■ **What you have to do**
Pictures must not appear; the answer is exactly the lines from the one that holds "חייל אפריקאי שהובא מחוף-הזהב" through the end of the material.

•••

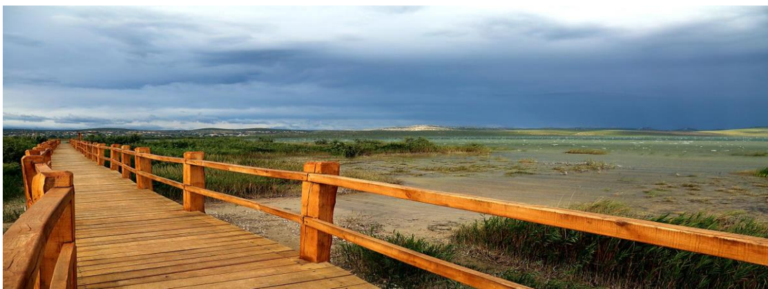
Slika 9: Park prirode i ornitološki rezervat Vransko jezero
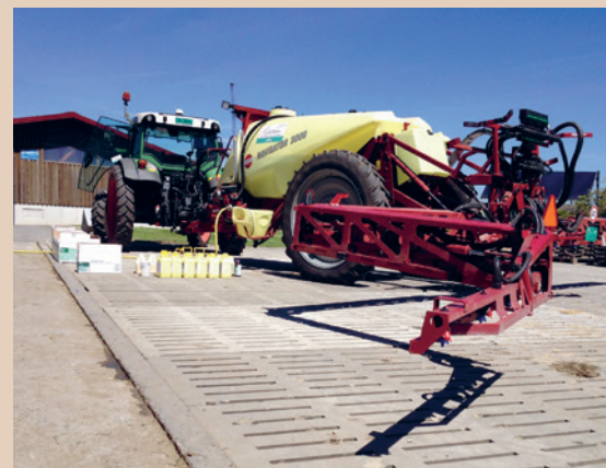
Spritzenreinigung auf einem Platz, der in eine aktive Güllegrube entwässert, St. Berger
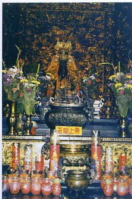
高在三樓的玉皇上帝
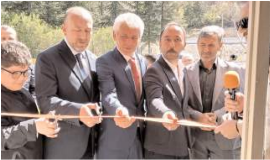
Yapılan duanın ardından açılış kurdelesi kesildi.
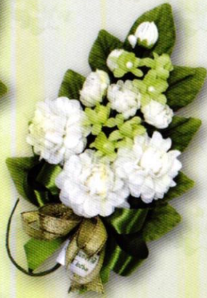
3 ช่อมะลิ "ร้อยรวมรัก" ราคา 50.- บาท
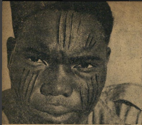
חייל אפריקאי שהובא מחוף-הזהב
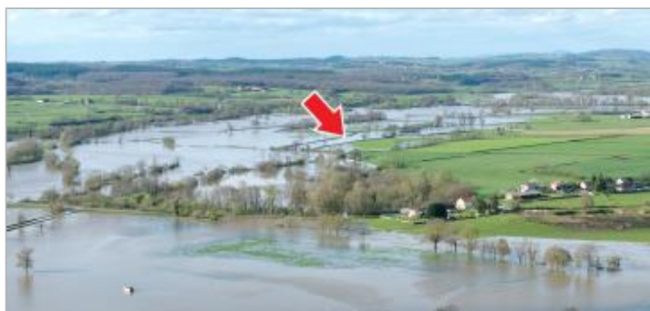
Photo prise pendant l'événement, le 02/04/2024, à 17h52.
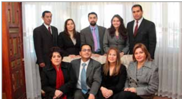
Personal de secretaría.
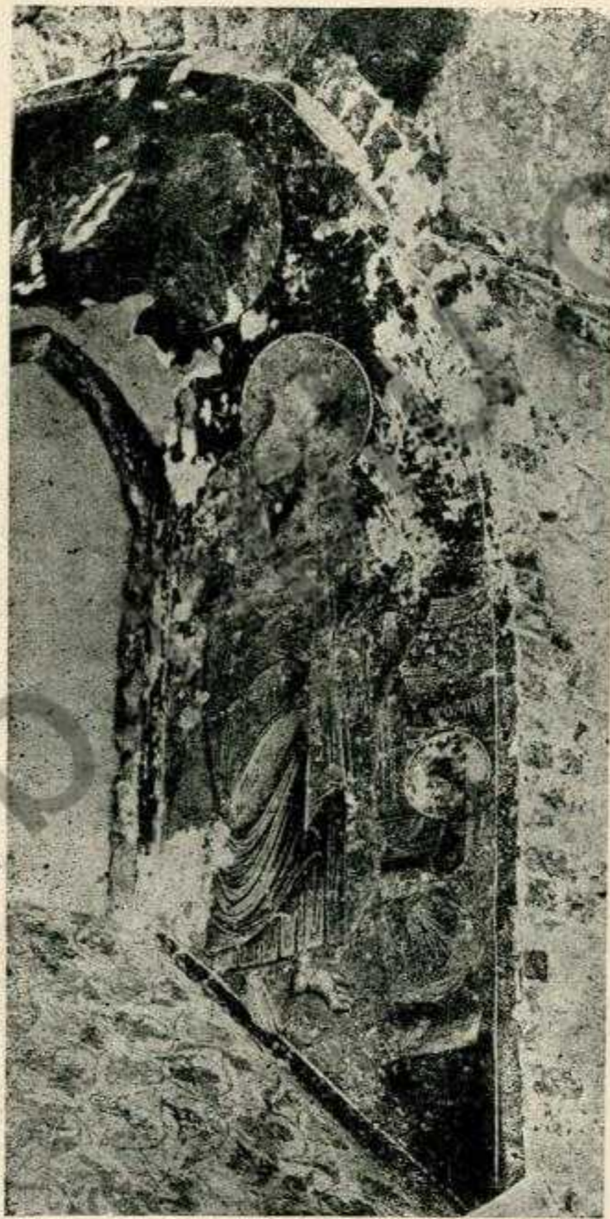
ФРЕСКИ ВІРМЕНСЬКОГО СОБОРУ У ЛЬВОВІ.

Правий бік віконної ніші, покритий фресками: зображення Христа Пантократора, св. Івана Богослова і св. Прохора та фрагмент килимового орнаменту.

•••

■ **Output for this exercise**
חייל אפריקאי שהובא מחוף-הזהב
Photo prise pendant l'événement, le 02/04/2024, à 17h52.
Personal de secretaría.
ФРЕСКИ ВІРМЕНСЬКОГО СОБОРУ У ЛЬВОВІ.

Правий бік віконної ніші, покритий фресками: зображення Христа Пантократора, св. Івана Богослова і св. Прохора та фрагмент килимового орнаменту.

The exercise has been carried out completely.